This dissertation addresses the problem of semantically describing images, a fundamental task that narrows down the semantic gap between visual reasoning of humans and machines. Visual attributes and textual tags allow us to naturally characterize objects (e.g “person” and “makeup”), actions (e.g “wearing”), and relationships (e.g “person wearing makeup”) both individually, grounded to the local properties, and in the global context of the entire scene.
Automatic image annotation assigns relevant textual tags to the images. We propose a mathematical framework based on Non-negative Matrix Factorization to perform automatic image annotation such that the proposed technique can seamlessly adapt to the continuous growth of datasets. Our proposed query-specific approach is built on the features of nearest-neighbors and tags. It naturally solves the problem of feature fusion and handles the challenge of rare tags by introducing weight matrices that penalize for incorrect modeling of less frequent tags and images that are associated with them.

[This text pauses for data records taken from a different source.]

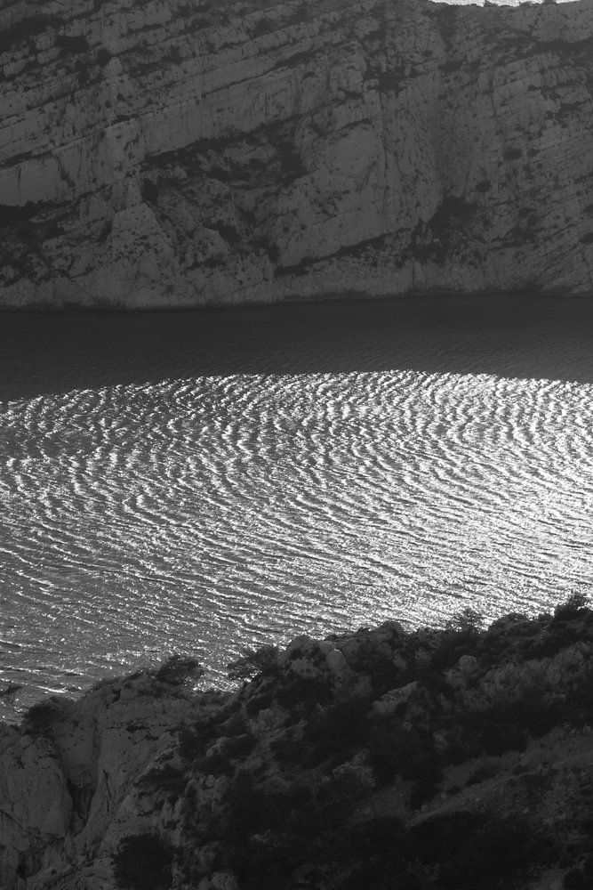 Calanques on the sea, Marseille, France. Black and white, vertical.
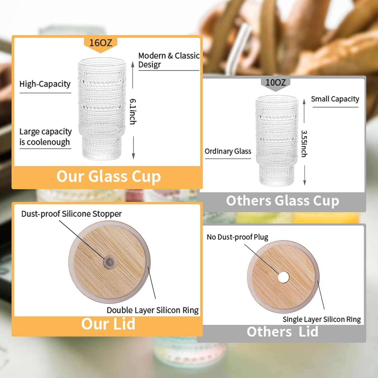 - 【Hobnail Water Cups】---These retro and vintage beaded style embossed drinking glasses with fashioned are so classy and pretty, ; These hobnail glassware are the eye catching addition to kitchen home decor,and the highball drinking glasses are about 16 oz in capacity and about 6.1 inch/ 15.5 cm in height.
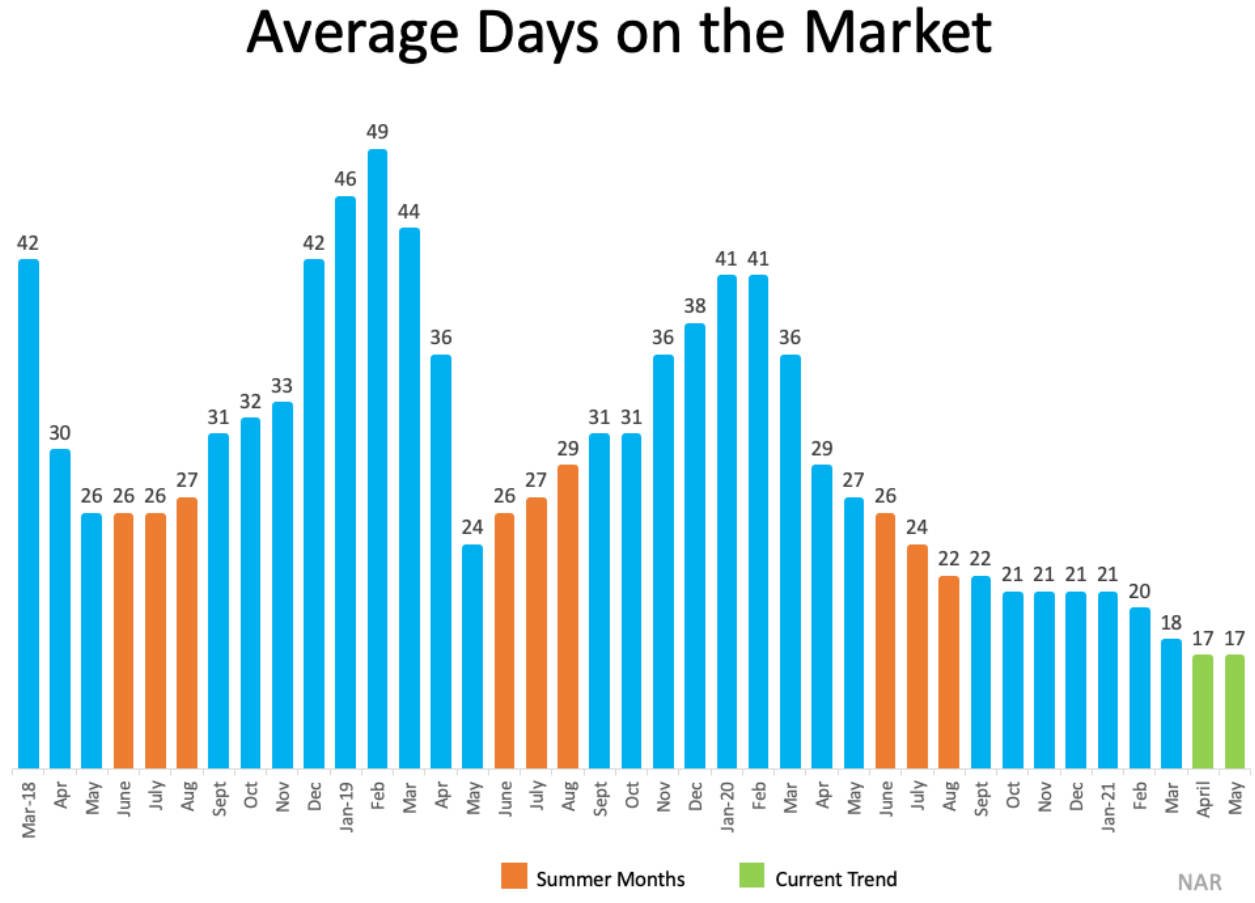Unlike the typical summer trend, time on the market is moving at the fastest speed we’ve seen since NAR started collecting this survey-based information in 2011. The most recent REALTORS® Confidence Index shows that the average home is on the market for just 17 days, as shown in green in the graph below.

Despite their effectiveness, the descriptive power of tags scales linearly with the number of unique training labels. In contrast, attributes being category-agnostic, allow an exponential number of semantic classes to be modeled. Due to above superiority, next, we focus on visual attributes. We hypothesize that integrating pixel-level semantic parsing of the face and human body should improve person-related attribute prediction. In this regard, we propose Semantic Segmentation-based Pooling (SSP) and Gating (SSG). In SSP, the estimated segmentation masks pool the output activations of the last (before classifier) convolutional layer at multiple semantically homogeneous regions, unlike global average pooling that is spatially agnostic. In SSG, we create multiple copies where each preserves the activations within a single semantic region and suppresses otherwise. This mechanism prevents max-pooling from mixing semantically inconsistent regions. SSP and SSG while effective, impose heavy memory utilization. To tackle that, Symbiotic Augmentation (SA) is proposed, where we learn to generate only one mask per activation channel.

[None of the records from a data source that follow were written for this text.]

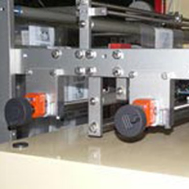 Formatjustering af sensorerne til filmkantdetektion og printmærkegenkendelse via drylin® SLW linearbordsløsning med positionsindikator og håndhjul (nem og gentagelig placering udefra)
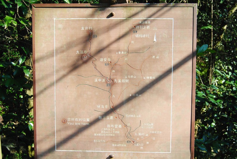 这里还有个地图,我们要从地图的左上角的龙井村,走到地图的最下面,那里有个公交站台,也是团队约定的集合点。
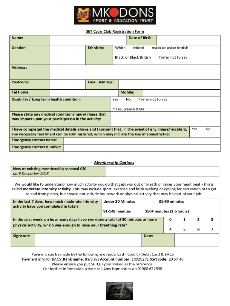 SET Cycle Club Registration Form

The massive number of self-portrait images shared on social media is revolutionizing the way people introduce themselves to the world. Due to the Big Data nature of Selfies, it is nearly impossible to analyze them manually. Next, we use both textual tags and visual attributes to analyze Selfies. We collect the first Selfie dataset with more than 46K images and annotate it with 36 visual attributes covering characteristics such as gender, age, race, and hairstyle. We provide attribute prediction of Selfies, using SIFT and HOG, pre-trained AlexNet on ImageNet, and Adjective Noun Pairs (e.g “smiling boy”) of SentiBank. We train l2-regularized SVR for the log2-normalized view counts in order to assess the impact of different visual concepts and various Instagram filters on the popularity of Selfies.
Almost all today’s deep convolutional neural architectures, including those that we propose in this dissertation, use Batch Normalization (BN), yet the characteristics of BN are not sufficiently studied in the literature. We conclude this dissertation by showing that assuming samples within a mini-batch are from the same probability density function, then BN is identical to the Fisher vector of a Gaussian distribution. That means batch normalizing transform can be explained in terms of kernels that naturally emerge from the probability density function that models the generative process of the underlying data distribution. Specifically, we theoretically demonstrate how BN can be improved by disentangling modes of variation in the underlying distribution of layer outputs. An extensive set of experiments confirms that our proposed alternative to BN, Mixture Normalization, not only effectively accelerates training of different batch-normalized architectures including Inception-V3, DenseNet, and DCGAN, but also achieves better generalization error.